Professional Documents
Culture Documents
• Reactive Architectures
• Deliberative Architectures
• Blackboard Architectures
• Belief-Desire-Intention (BDI) Architecture
• Mobile Architectures
Reactive Architectures
• A reactive architecture is the simplest
architecture for agents. In this
architecture, agent behaviors are simply a
mapping between stimulus and response.
The agent has no decision-making skills,
only reactions to the environment in
which it exists.
• Agent simply reads the environment and
then maps the state of the environment
to one or more actions. Given the
environment, more than one action may
be appropriate, and therefore the agent
must choose.
Deliberative Architectures
A deliberative architecture includes some
deliberation over the action to perform given the
current set of inputs.
It considers the sensors, state, prior results of
given actions, and other information in order to
select the best action to perform.
The mechanism for action selection could be a
variety of mechanisms including a production
system, neural network, or any other intelligent
algorithm
Blackboard Architectures
The blackboard is a common work area
for a number of agents that work
cooperatively to solve a given problem.
The blackboard therefore contains
information about the environment, but
also intermediate work results by the
cooperative agent.
• In this example, two separate agents are used to sample the
environment through the available sensors (the sensor agent) and
also through the available actuators (action agent).
• The blackboard contains the current state of the environment that is
constantly updated by the sensor agent, and when an action can be
performed (as specified in the blackboard), the action agent
translates this action into control of the actuators.
• The control of the agent system is provided by one or more reasoning
agents.
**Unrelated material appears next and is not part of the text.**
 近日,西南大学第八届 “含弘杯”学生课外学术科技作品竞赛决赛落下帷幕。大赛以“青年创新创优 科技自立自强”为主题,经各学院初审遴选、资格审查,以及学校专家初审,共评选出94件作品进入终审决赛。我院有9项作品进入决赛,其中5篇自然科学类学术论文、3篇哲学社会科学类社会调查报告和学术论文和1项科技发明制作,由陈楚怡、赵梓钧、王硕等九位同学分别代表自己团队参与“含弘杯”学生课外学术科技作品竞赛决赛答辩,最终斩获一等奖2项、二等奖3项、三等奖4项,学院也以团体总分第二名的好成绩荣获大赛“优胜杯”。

These agents work together to achieve the goals, which would
also be contained in the blackboard.
• In this example, the first reasoning agent could implement the goal
definition behaviors, where the second reasoning agent could
implement the planning portion (to translate goals into sequences of
actions).
Belief-Desire-Intention (BDI) Architecture
• Belief represents the view of the world by the
agent (what it believes to be the state of the
environment in which it exists).
• Desires are the goals that define the motivation
of the agent (what it wants to achieve). The agent
may have numerous desires, which must be
consistent.
• Intentions specify that the agent uses the Beliefs
and Desires in order to choose one or more
actions in order to meet the desires
• BDI architecture defines the basic architecture of any deliberative
agent. It stores a representation of the state of the environment
(beliefs), maintains a set of goals (desires), and finally, an intentional
element that maps desires to beliefs (to provide one or more actions
that modify the state of the environment based on the agent‘s
needs).
Mobile Architectures
• Mobile architectural pattern introduces the ability for agents to
migrate themselves between hosts. The agent architecture includes
the mobility element, which allows an agent to migrate from one host
to another. An agent can migrate to any host that implements the
mobile framework.
• The mobile agent framework provides a protocol that permits
communication between hosts for agent migration.
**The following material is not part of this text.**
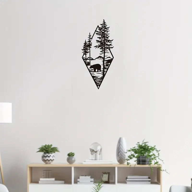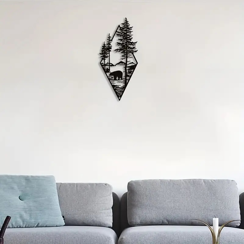 국경 곰 벽 예술, 풍경과 곰 금속 벽 예술 장식 홈 장식, 금속 벽 예술

• This framework also requires some kind of authentication and
security, to avoid a mobile agent framework from becoming a conduit
for viruses.
• Also implicit in the mobile agent framework is a means for discovery.
For example, which hosts are available for migration, and what
services do they provide?
• Communication is also implicit, as agents can communicate with one
another on a host, or across hosts in preparation for migration.
• The mobile agent architecture is advantageous as it supports the
development of intelligent distributed systems. But a distributed
system that is dynamic, and whose configuration and loading is
defined by the agents themselves.
AGENT COMMUNICATION
• An agent is an active object with the ability to perceive, reason, and
act.
• Agent has explicitly represented knowledge and a mechanism for
operating on or drawing inferences from its knowledge.
• Agent has the ability to communicate.
• This ability is part perception (the receiving of messages) and part
action (the sending of messages).
• Communication can enable the agents to coordinate their actions and
behavior, resulting in systems that are more coherent
• Coordination
• Coordination is a property of a system of agents performing some
activity in a shared environment. The degree of coordination is the
extent to which they avoid extraneous activity by reducing resource
contention, avoiding live lock and deadlock, and maintaining applicable
safety conditions.
• Coherence
• Coherence is how well a system behaves as a unit. A problem for a
multiagent system is how it can maintain global coherence without
explicit global control.
• The agents must be able on their own to determine goals they share
with other agents, determine common tasks, avoid unnecessary
conflicts, and pool knowledge and evidence. It is helpful if there is some
form of organization among the agents.